I hear her crying out for help but I don't know the next step either.

All we can do is pray for a good outcome.
 
It's funny every one we know that knows anything about the situation says the same things you are saying...Sadly the man could probably be a really likeable guy, as he's alot like the rest of us on here, if it weren't for the way he has chosen to do things...In the end though you find out just how many real rights you have, or rather don't have, with our government and laws, even when it comes to your children.
 
I adopted our oldest as his donor was not paying anything (money or attention) to his son. Been glad ever since. We moved to a new place and then started again getting mail addressed to him, wondered how that is then got ot realizing that it always happened around fathers day and my boys birthday. Sounds like a reminder of him to me. I would just as soon have no contact and my wife feels mostly the same, and he has NO rights, but makes me wonder how bad of a guy he is then, probably not all that bad, just some bad ideas.
 
Wayne, I kind of thumbed through, really can't add anything to this, quite the "quandry" you're dealing with, hope all goes well.

One thing I've wondered is because this is a public forum, is there anything you should be careful of when posting, legally, say if any or all of the content thereof was in the wrong hands ? I thought it worth mention, just in case.

Again wish you and your family the best, I've had some experience in that area, but certainly not to that level with an absent father and ensuing legal situation, but I do know from my own experiences how this can be tough on any kid, especially at that age, though they are often times very resilient and will cope well, being good to them and helping them through this should be something, they'll never forget, persistence and poise will go a long way, regardless of any dilemma you may face.
 
All I can say is I Know your circumstances rather well.

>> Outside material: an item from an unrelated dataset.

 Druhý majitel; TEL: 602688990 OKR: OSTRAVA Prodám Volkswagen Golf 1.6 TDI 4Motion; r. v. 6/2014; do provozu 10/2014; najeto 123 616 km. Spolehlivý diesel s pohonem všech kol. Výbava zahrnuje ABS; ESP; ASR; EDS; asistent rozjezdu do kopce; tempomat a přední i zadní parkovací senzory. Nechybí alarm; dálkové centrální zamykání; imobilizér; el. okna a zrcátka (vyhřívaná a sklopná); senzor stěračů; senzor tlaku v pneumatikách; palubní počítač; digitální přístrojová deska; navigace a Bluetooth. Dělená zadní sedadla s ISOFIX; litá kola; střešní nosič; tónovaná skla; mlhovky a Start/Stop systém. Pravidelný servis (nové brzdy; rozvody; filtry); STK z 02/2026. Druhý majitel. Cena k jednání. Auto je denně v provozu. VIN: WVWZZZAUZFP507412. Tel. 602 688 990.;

As I was a Foster parent.

After raising a child for 6 years , from three mo old. the Mother wanted her child back.

I wanted to fight it but it was known when we took this child it could / would happen that he would be returned back to paternal mother.

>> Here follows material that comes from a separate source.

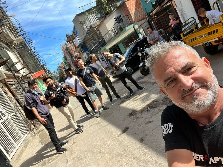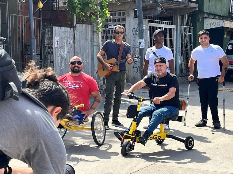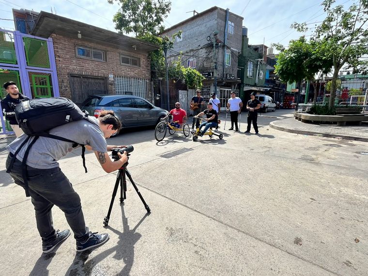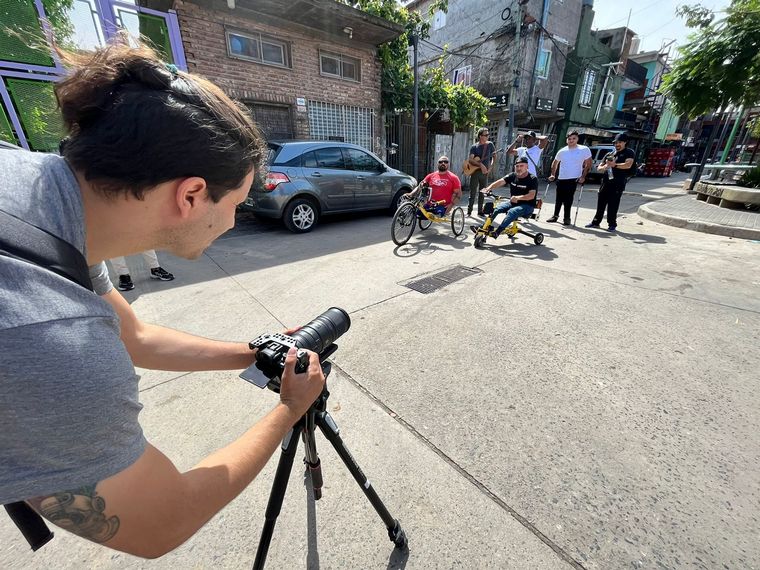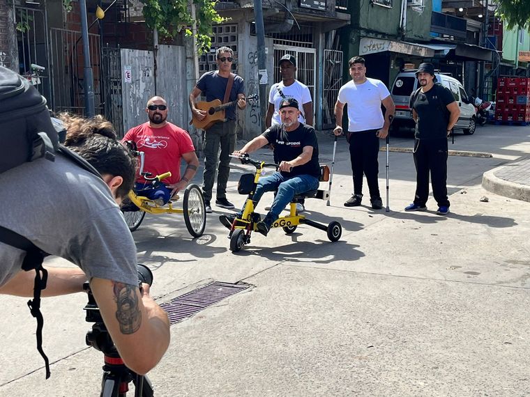 Jean Maggi, creador de la fundación que entrega bicicletas adaptadas para chicos con discapacidad, se encuentra en la Villa 31 filmando un video musical de Gerry Cea y Yadam González Cárdenas.

We had already planned Christmas for the child and we ask for a visitation for his last holiday with us .

They OK'd it and when we returned him back I was told they took his presents off him that we gave him and he cried so much the step father put him in a room till he stopped. I never went back as to create a scene for this child. I felt it best to leave him be and get the life he needed even though I felt all through the whole matter was a a choice of bad decisions from Child welfare and the courts.

Anyway to make a long story short, two years later the step father got drunk and for some stupid reason knocked this child down the steps. causing brain damage.

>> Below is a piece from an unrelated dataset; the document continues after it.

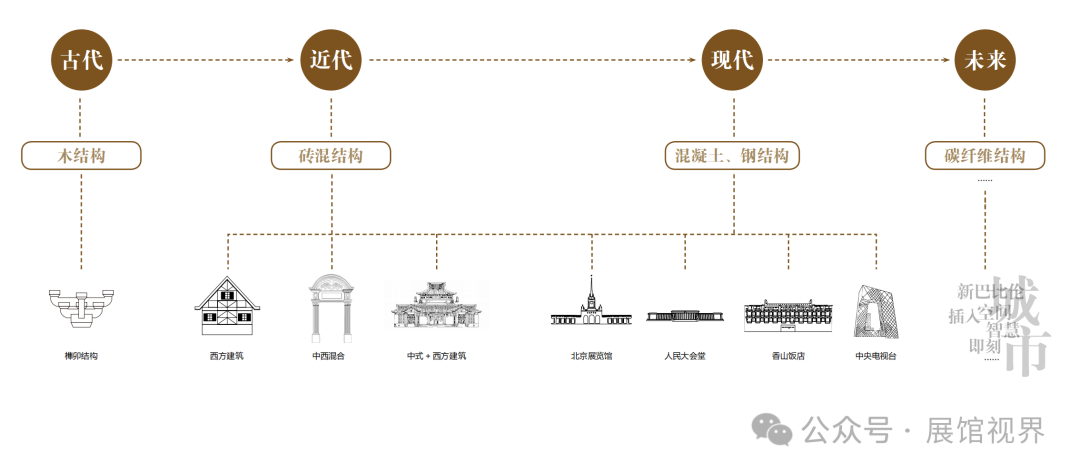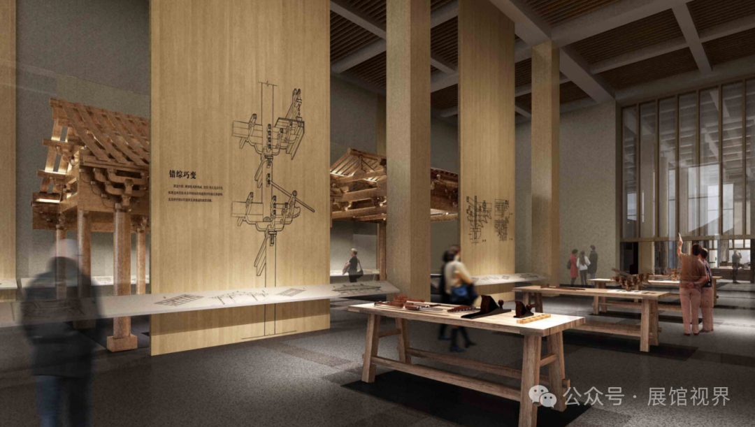 展览以时代为序,以专题方式展开,勾勒出中国建筑科技历经 4 个进程:启蒙、发展、定型直至巅峰的古代经典时期;中西交汇、新旧接替的近代过渡时期;模仿探索、多元融合的现代繁荣时期;与时俱进、领先世界的当代创新时期,反映时代特色,体现不同时期中国建筑的风格与技术特点,进而引发人类对未来建筑的美好憧憬。展览形式设计依此展开。

I saw this child 20 years later where I worked in a MH/ MR facility. it tore me up to see him as he was basically homeless because no one wanted to take care of him He is still in a group home.

He is now 31 years old and has the mental capacity of a 10 year old.

You don't think that hurts ??

This is why I'm so compassionate for your circumstances.
 
Not really worried about that as I have no 'real' legal standing nothing I say or do can really be used against my wife. Even then there is nothing I said, or mentioned in the post, that both the wife and I haven't already said and done more than once over the past year.